3. Key features of the dataset

The number of observations (rows) and variables (columns), as well as any unique identifiers or categorical variables.

I downloaded their excel file and converted to a csv file which entailed the years from 2024 till 2022. Since the 2022 observations didn’t list data on the batteries variable, I had to leave them out of this analysis.

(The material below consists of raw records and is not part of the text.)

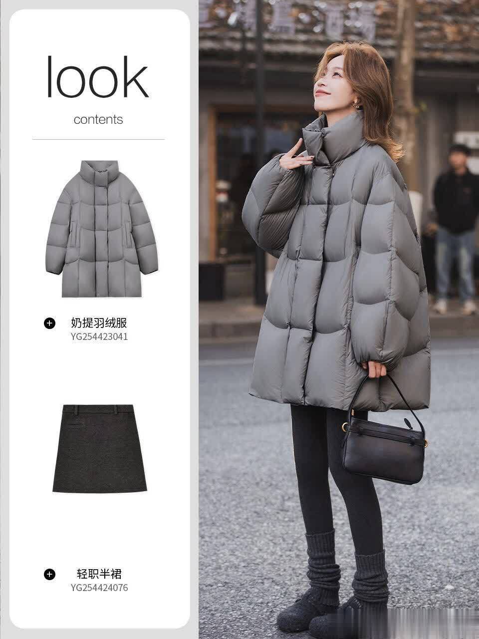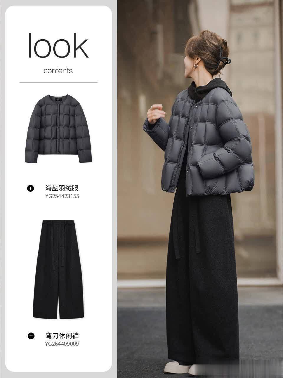 上宽下窄:用一件宽松的短款羽绒服或毛呢外套,搭配修身的直筒裤或半身裙,可很好地优化身材比例,显得利落有精神。
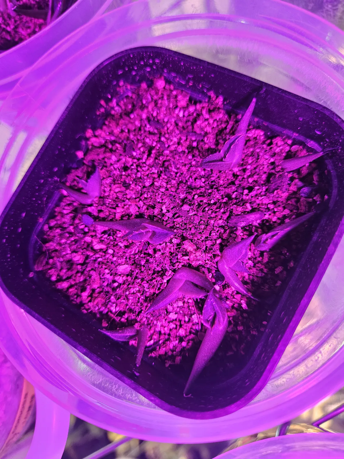 発芽までプレステラをタッパーに入れ、蓋を閉めて室内にて腰水管理。ある程度発芽したら蓋を外して腰水。現在は乾いたら水やり。たまに液肥+活力剤
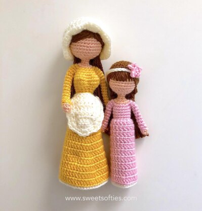 The Mother & Daughter Pattern provides instructions for crocheting this elegant pair. The mother wears a bonnet and apron, and the daughter dons a flower crown. Their simple, traditional, yet classic look is inspired by Amish, Mormon, prairie, and colonial cloth dolls. This special design, showing the love and unique bond between a mother and her daughter, makes a wonderful Mother’s Day gift and heirloom gift.
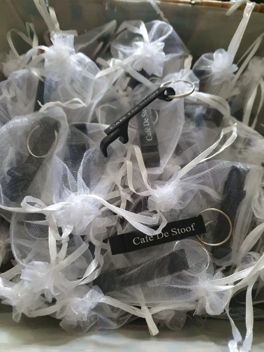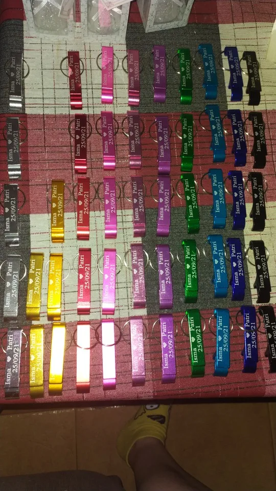 50 шт. персональный гравированный открывалка для бутылок брелки Персонализированные Свадебные подарки свадебные подарки с мешочек из белой органзы
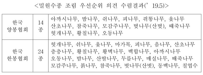 김문섭 국립산림과학원 임업연구사는 "아까시나무 밀원수로 70~80% 차지하지만, 기후변화에 흉년과 풍년을 오고가는데, 과학적인 접근성과 토지 생산성측면에서 대체 밀원으로 다양한 종을 심어야 한다."고 주장했다.
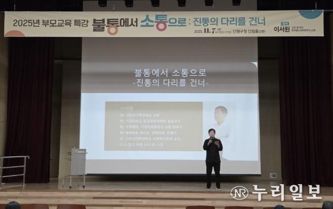 (누리일보) 안산시는 단원구청 단원홀에서 ‘불통에서 소통으로: 진통의 다리를 건너’를 주제로 부모교육 특강을 진행했다고 11일 밝혔다.
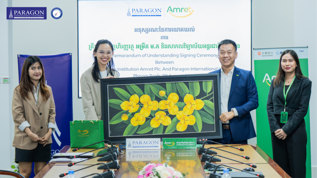 Phnom Penh, Cambodia – On Friday, 29 August 2025, Paragon International University and Amret Microfinance Institution officially signed a Memorandum of Understanding (MoU) at Amret’s Head Office.
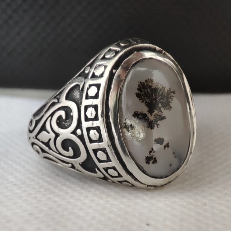 انگشتر مردانه نقره روسی با سنگ شجر5
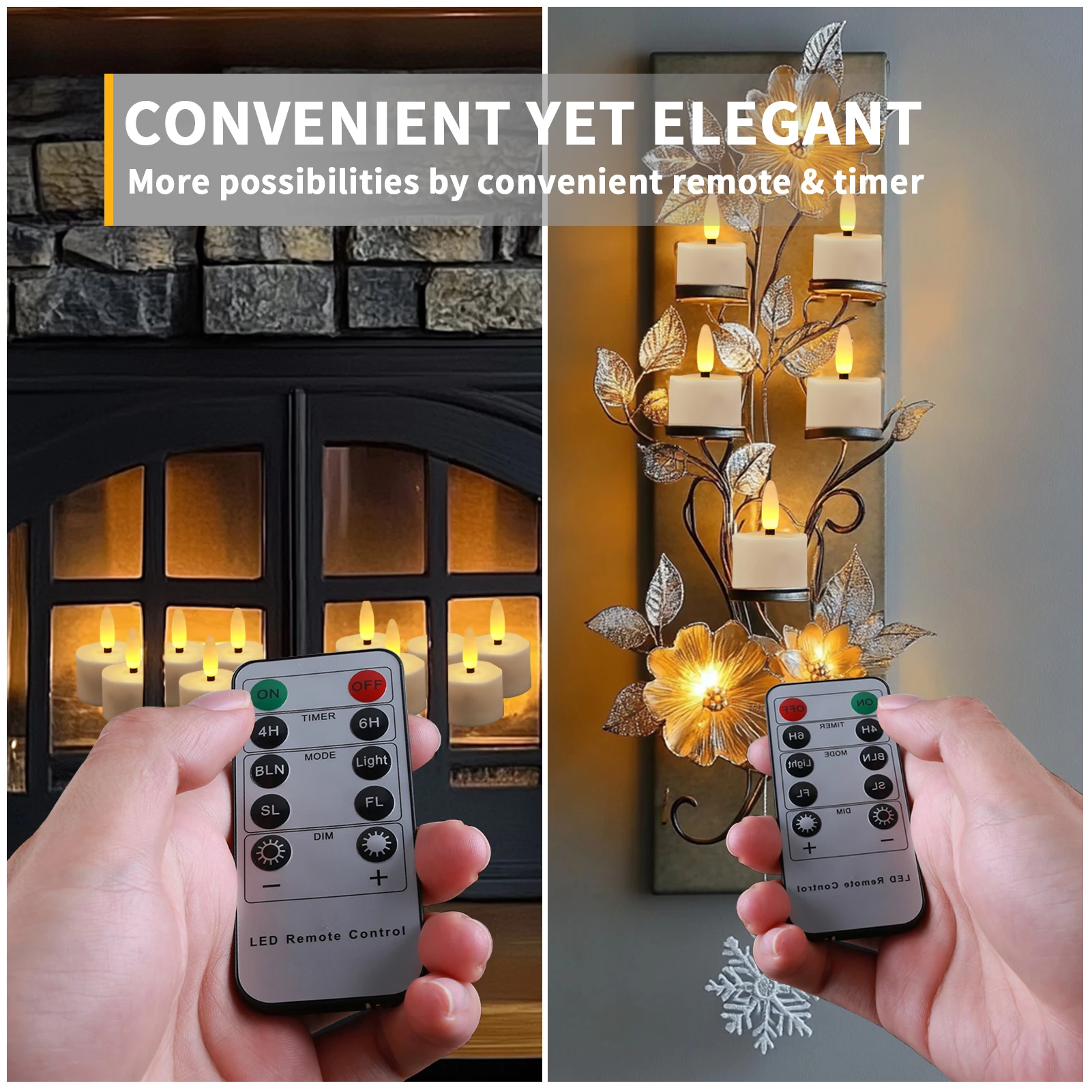 ✔️Convenient Timer & Remote: Once turned on, they will automatically come at the same time every day, you will never come home in the dark. 4H and 6H timing functions can last approximately 7 days and 5 days respectively. The steady-on mode would last about 22 hours, which is 5 times longer than burning tea lights.

The remaining 7 variables and 70 observations (rows), a third of the data had not one specific number of miles as range but a range of miles in the ‘Range’ column. In each case I replaced the range of miles with its average.

4. Level of measurement

For the purpose of this analysis I reduced the number of columns/variables to 7

3 Nominal Variables

  • Manufacturer
  • Model
  • Drivetrain 4 Interval Variables
  • Year
  • Range
  • Battery
  • Engine Size (e-motor)

5. Libraries which I used in this analysis

  • Python (For Coding)
  • Pandas (Data Wrangling)
  • NumPy (Numerical Analysis)
  • Matplotlib (Data Visualization)
  • Seaborn (Data Visualization)
  • tabulate (Data Visualization)

6. Limitations and shortcomings

The main focus of this report is not the use of software like SPSS and go into depth of the relationships and strength of the relationship between variables. The focus here is the application of python in the context of statistics. In a statistical report I would research more about for instance the baseline. Considering that the electricity grid in the US is already maxedout, where should all the additional electricity for EVs come from? Then I would ask what the maximum electricity capacity of California is in an attempt to determine how much electricity could be provided per car can and derive from that its range. This would give me a variable that could not be changed. For the cultural significance, keep in mind that the American way of life included the freedom of movement. To find the current maximum capacity in California I would have to reach out to the California Energy Commission (CEC), the U.S. Energy Information Administration (EIA), and individual utility companies to get the numbers. Which is outside of the scope of this report and therefore there is no ceiling, no max. Since there is no ceiling to which we can max out, yet - I will refer to my own experience in the Bay Area.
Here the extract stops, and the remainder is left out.